While he’s grown in so many ways, there are still things he carries with him—more than a laissez faire attitude towards matching shoes—like that same mindset that brought back cleats to teammates that will also see him stop for any picture even in a mall parking lot, or the determination to be there for the teammates around him, or the emotion that he’s always worn on his sleeve that helps Ginger know when a game has changed.

“When he puts the helmet on and I see his eye’s, I still see that little kid… when he gets in the zone, he gets this look on his face and I knew when he did that touchdown [in the 2nd quarter against Michigan] like ok this is gonna be good. I just knew the rest of the game was gonna be good.”

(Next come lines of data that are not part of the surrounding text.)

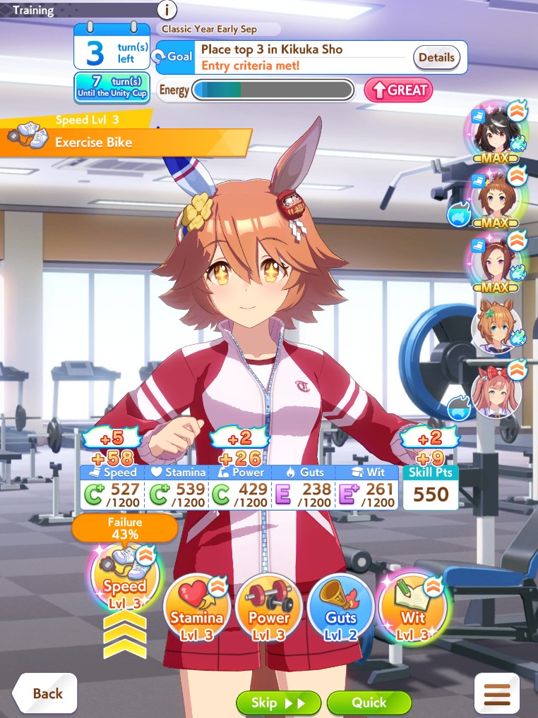 >>550558971>great mood requirementI hate this shit. absolutely nothing you can do to prevent a mood drop the turn before the race.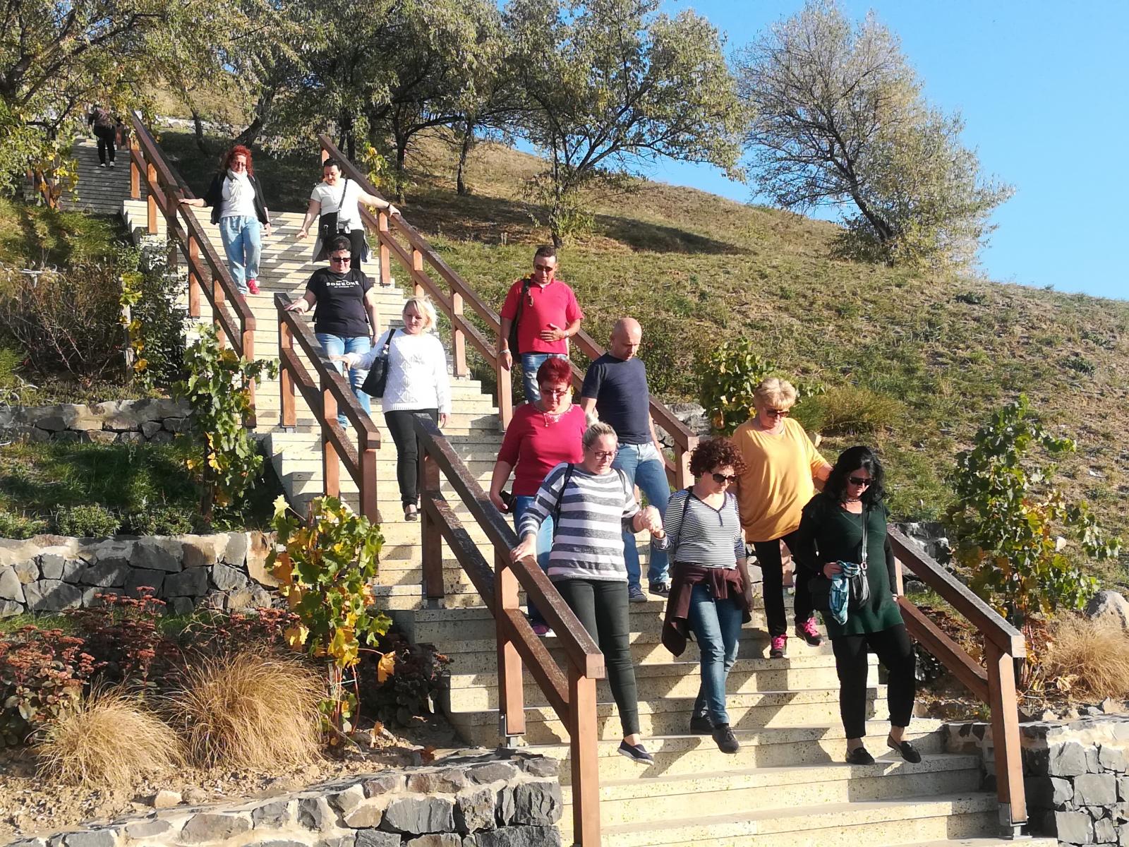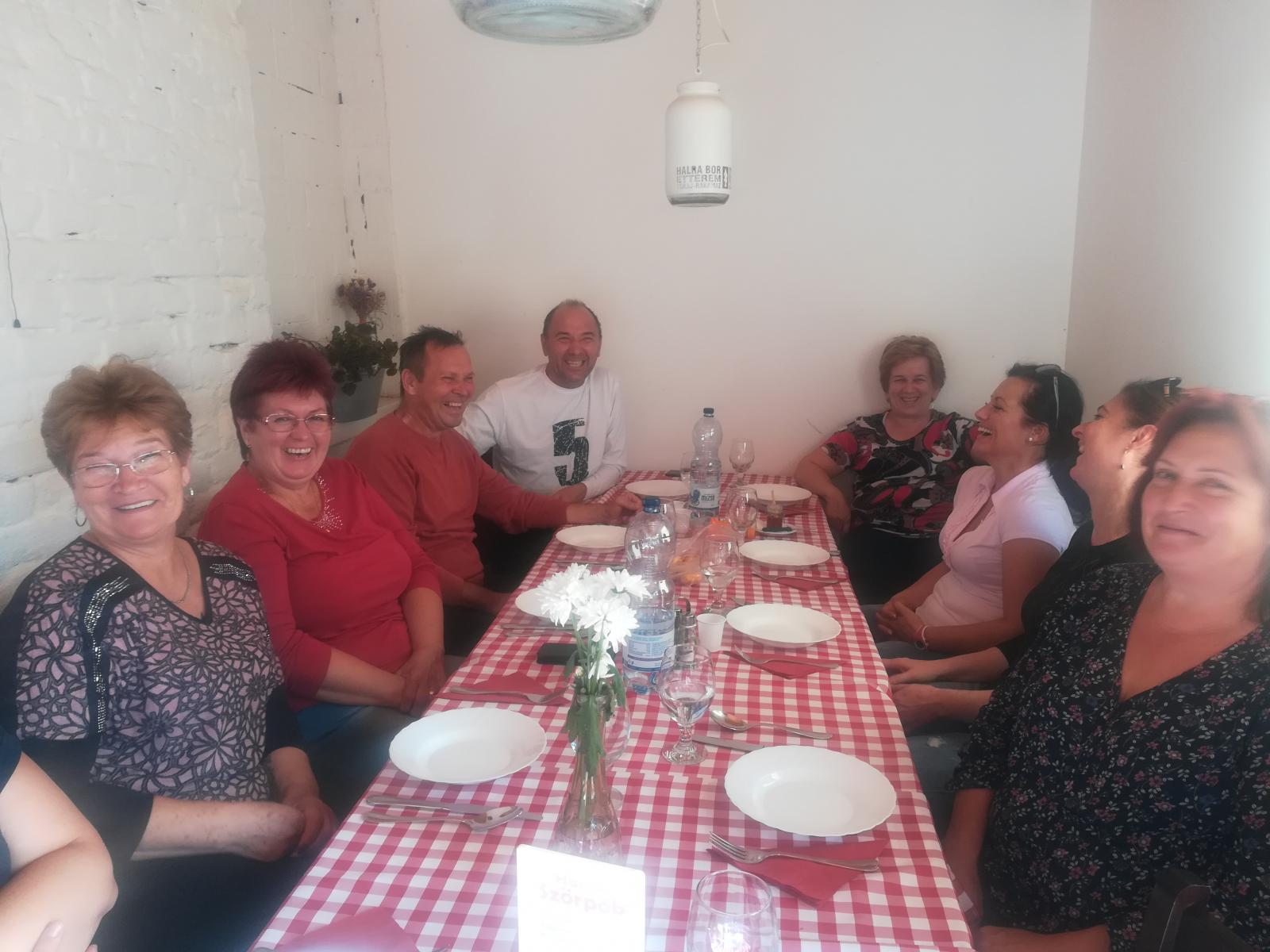Miután kigyönyörködtük magunkat és kicsit megpihentünk, a lefelé vezető út már könnyen ment. Egy kis séta után felfedeztünk egy hangulatos borospincét, ahol mindenki beszerezhette az otthonra szánt kóstolót és kedvére ízlelhette a különféle nedűket, mely megalapozta a kellemes hangulatot a hazafelé vezető útra. Élménydús, hangulatos napot töltöttünk együtt, kicsit kiszakadva a mindennapokból. Bár a munkahelyi témákat nem sikerült teljesen kizárni, de mindenkinek sikerült hosszabb-rövidebb időre kikapcsolódni és lazítani, jobban vagy más oldalról megismerni a kollégákat.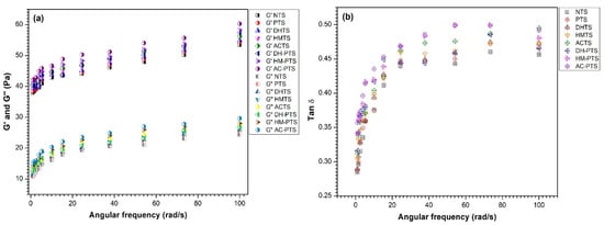 The rheological properties dictate the flow and deformation behavior of starch under stress. The rheological properties of the starch gels are crucial to determine the processability and eating quality of starch-based food products. The G′ and G″ of native and modified talipot starch samples over an angular frequency (ω) of 1–100 rad/s are depicted in Figure 6a. G′ indicates the elastic nature of the starch gel, and it is the amount of energy recovered after each deformation cycle, while Gʺ represents the viscous nature of the starch gel, and it is the amount of energy lost as viscous dissipation after each deformation cycle []. Native and all modified samples exhibited G′ > G″ upon rheological analysis, revealing the elastic property of the starch. Among the modified starches, AT-PTS showed the highest G′ and G″ values. Upon modification, the G′ and G″ increased due to the increased crosslinking between the starch chains and facilitated the development of junction zones in the continuous phase of starch gels. This results in an augmentation in the gel strength after phosphorylation. In HMTS and ACTS samples, the increased G′ was ascribed to the enhanced retrogradation tendency by hydrothermal treatments, which aids in increased bonding between amylose and amylopectin. Besides, pretreatment with DHT, HMT, and autoclaving increased firmness and gel strength []. Compared to NTS, all phosphorylated talipot starch gels showed higher paste stability and formed stronger gels resistant to excessive heat and shear due to decreased amylose content and swelling power. Similarly, Li et al. [], in their work, stated that the gel formation of waxy rice starch was enhanced with the addition of xanthan along with DHT. Hence, in our study with phosphorylation, the association formed between phosphate groups and starch made stronger gels that are stable to shearing and heating. Such starch pastes or gels that require higher energy for sheeting or rolling are suitable for the preparation of flattened bread, pasta and noodles [].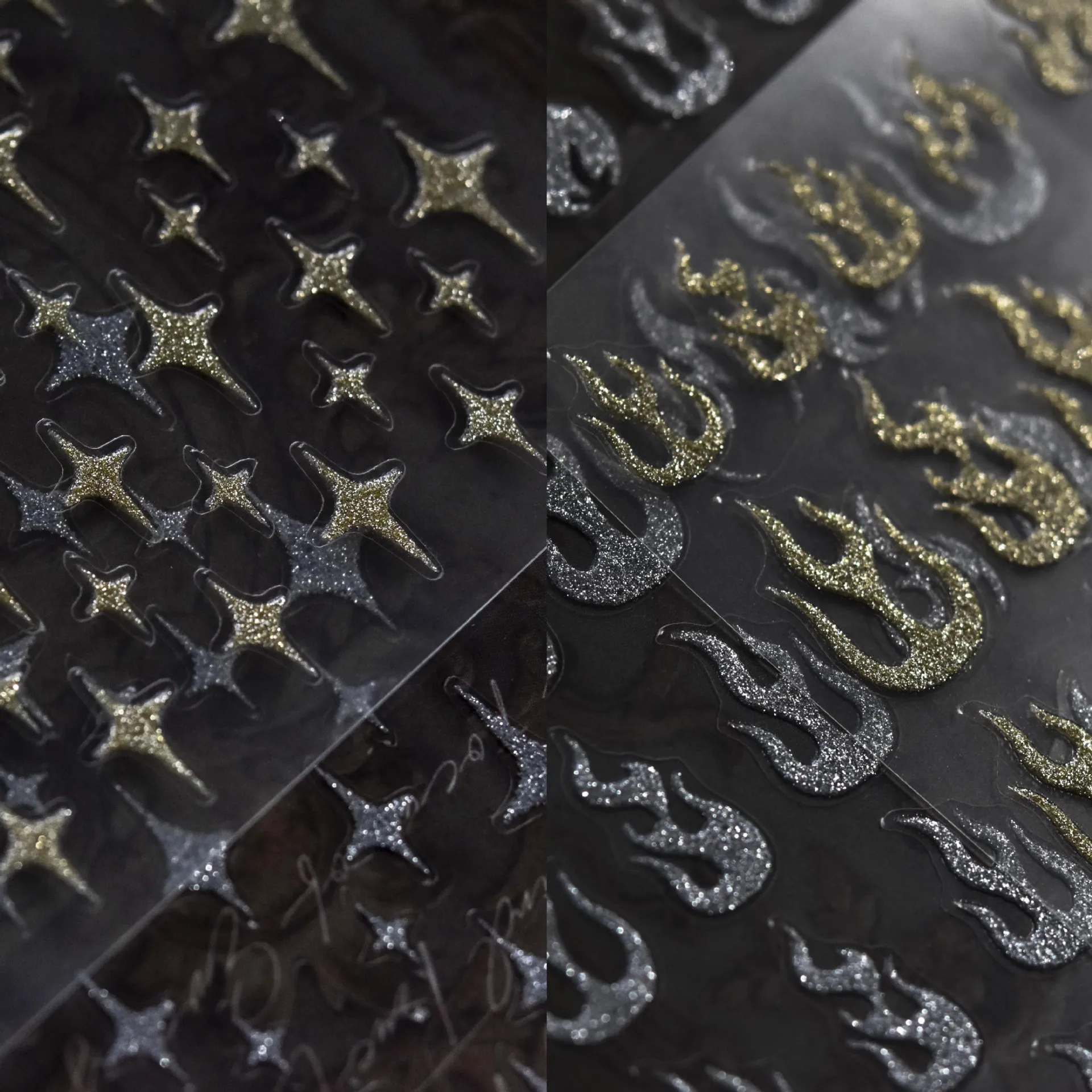 5D Позолоченные рельефные наклейки для дизайна ногтей Маникюрные наклейки Золотой Серебристый огонь звезда стеллат Алмазная пудра чувственные украшения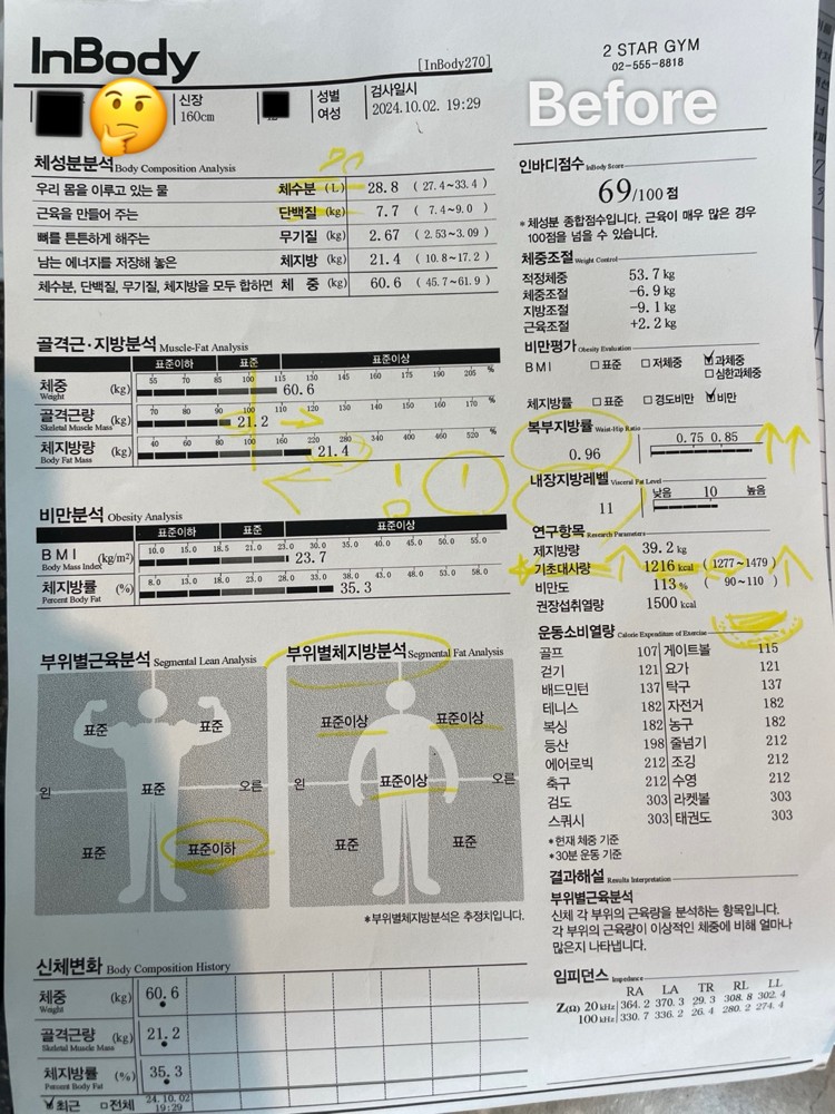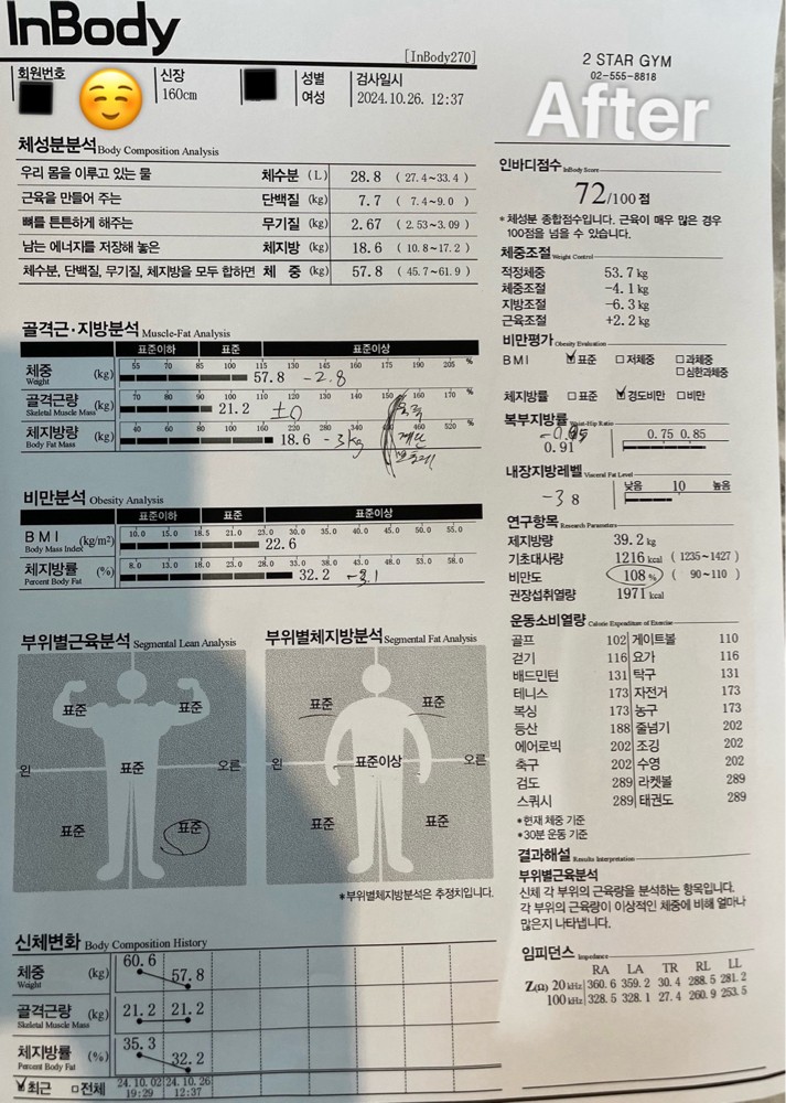 트레이너분이 인바디 보며 식습관이나 생활패턴 교정에대해 많이 알려주시고 식단도 추천해주셔서 너무 유용했어요.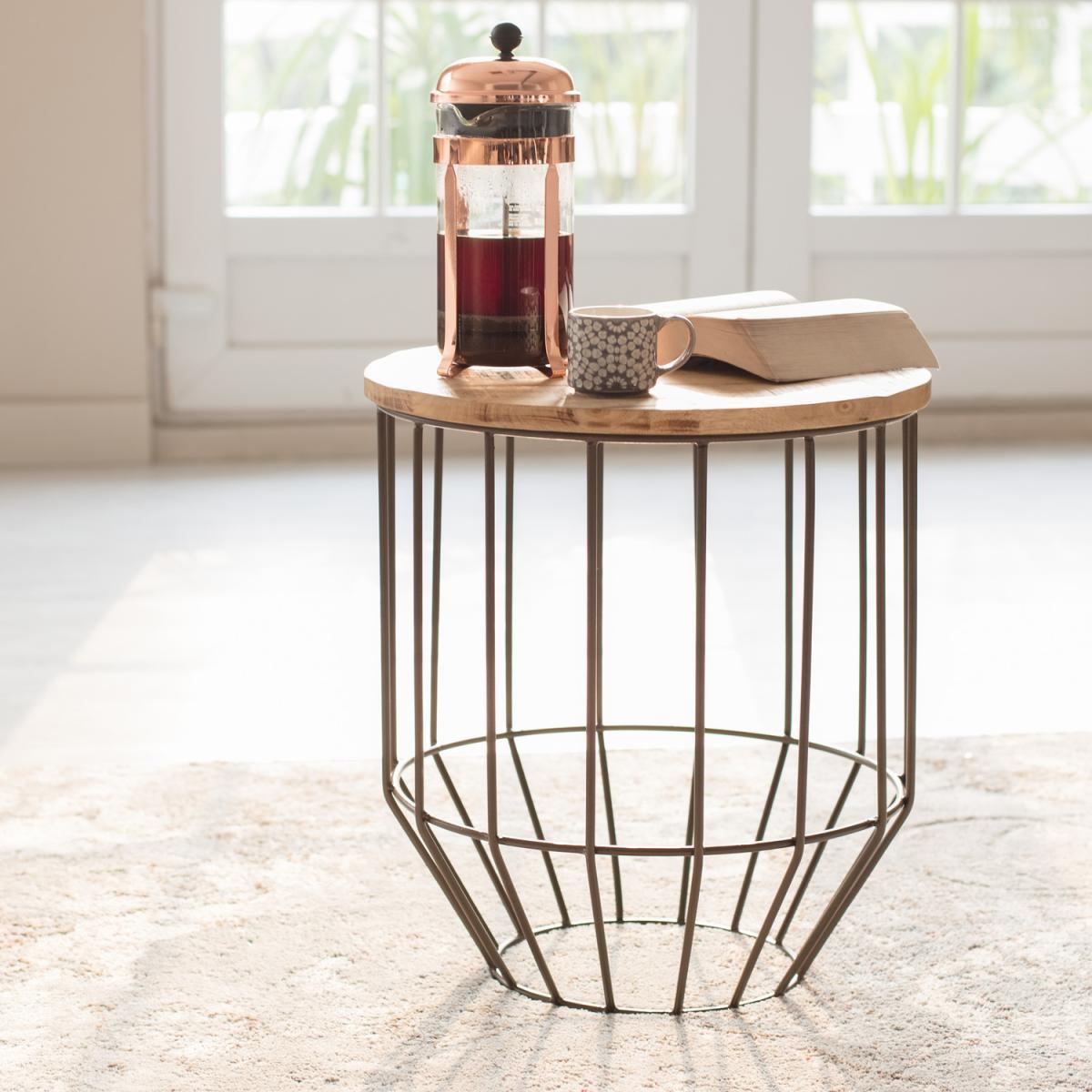 ALL ABOUT THE BASEA statement metal base Yes please. Mango wood au naturel Absolutely. An unexpected mix of materials this side table racks up all style points in our book Skilled artisans hand turn metal into a statement structure that holds up a chunky circular wooden top and looks really good doing it. It is the perfect perch for your drinks lamps books really anything you want close at hand. Crafted from real wood the solid top super durable retains its organic energy and warmth. It is like a small connection to the natural world a detail we love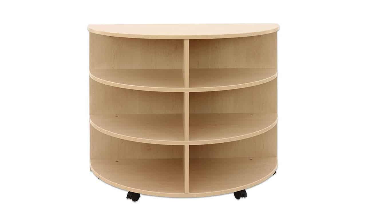 Das halbrunde Design des Regals ermöglicht eine freie Platzierung sowohl an der Wand als auch im Raum. Mit seinen 6 Fächern bietet es ausreichend Platz, um Bücher, Spielmaterial oder andere wichtige Utensilien ordentlich aufzubewahren. Die 4 integrierten Rollen, von denen 2 feststellbar sind, erlauben ein einfaches Verschieben des Regals, damit es je nach Bedarf flexibel umgestellt werden kann.
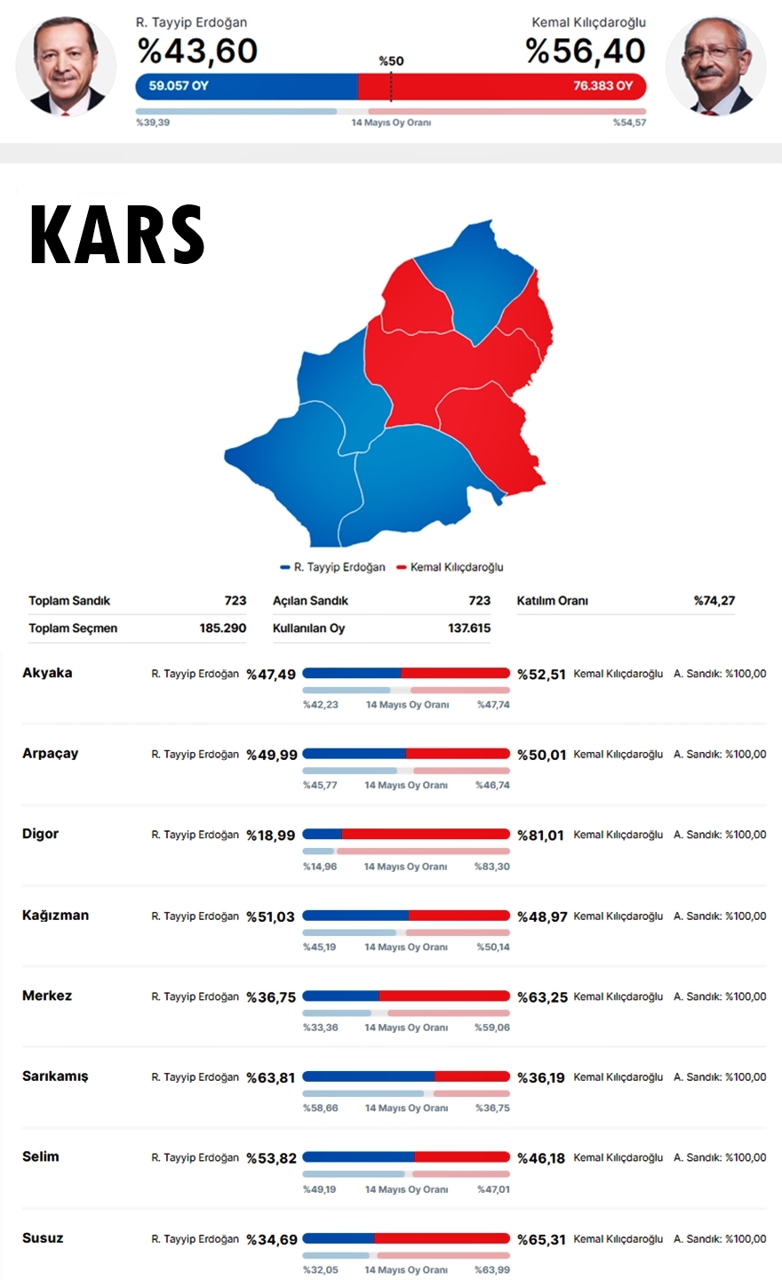 Kars'ta 28 Mayıs Cumhurbaşkanlığı kesin olamayan seçim sonuçlara göre;

She was right. After she saw his eyes and he flashed her the heart sign, the Gators outscored the Wolverines 28-5 and Franks was named the offensive MVP. He had to compose himself before heading on stage, overcome with the emotion Ginger mentioned he’s no longer holding back and sending a smile to his mom in the stands who was watching all of her patience pay off.

“It was just relief of a lot of different things that had accumulated over several years and just a release, excited for the team and just everything going the way it should go.

“I’m excited about next year…he’s got good coaches and they’re helping him with his confidence and what he needs to do. It’s all worked out really well.”